Set in WWII Germany, narrarated by Death, The Book Thief tells the tale of Liesel Meminger. Liesel steals her first book at her brother's burial just before her mother delivers her to a foster home. Devastated to be separated from her family, she finds solace in her foster father, Hans Huberman, who teaches her to read. Liesel is soon stealing from Nazi book-burnings and the mayor's wife's library. As life on Himmel Street is turned upside down, Liesel finds herself sharing the power of words with her neighbors during bomb raids and her basement with a Jewish man.
I obviously didn't know it at the time, but this book is why I learned to read. It's one of those books I immediately want to reread as soon as I finish the last page. I don't even know how to review it. I guess I should start by saying I am a WWII/Holocaust fanatic. I first read Lois Lowry's Number the Stars in fifth grade and have been hooked ever since. I was also a Religious Studies major in college with a concentration in Judaism. I'm hoping these personal facts will give you an idea of what drew me to this book and sucked me in from the very beginning. Of course, rave reviews and beautiful writing didn't hurt either.

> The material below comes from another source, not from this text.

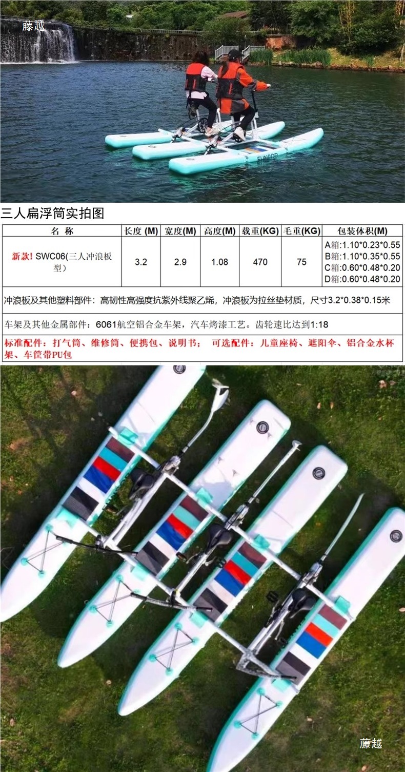 Водный велосипед, каяк, трёхместная надувная лодка с педалями, прогулочный катер, парковый электровелосипед

Liesel is the type of character you want to pick up off the page and cradle. She is so innocent and real, and I felt like I just wanted to protect her. Hans Huberman? Gold, solid gold. He's become one of my favorite book characters of all time. I really don't want to say much more because I don't want to spoil a single thing. It's just something you need to experience for yourself. So run, don't walk, and get a copy immediately.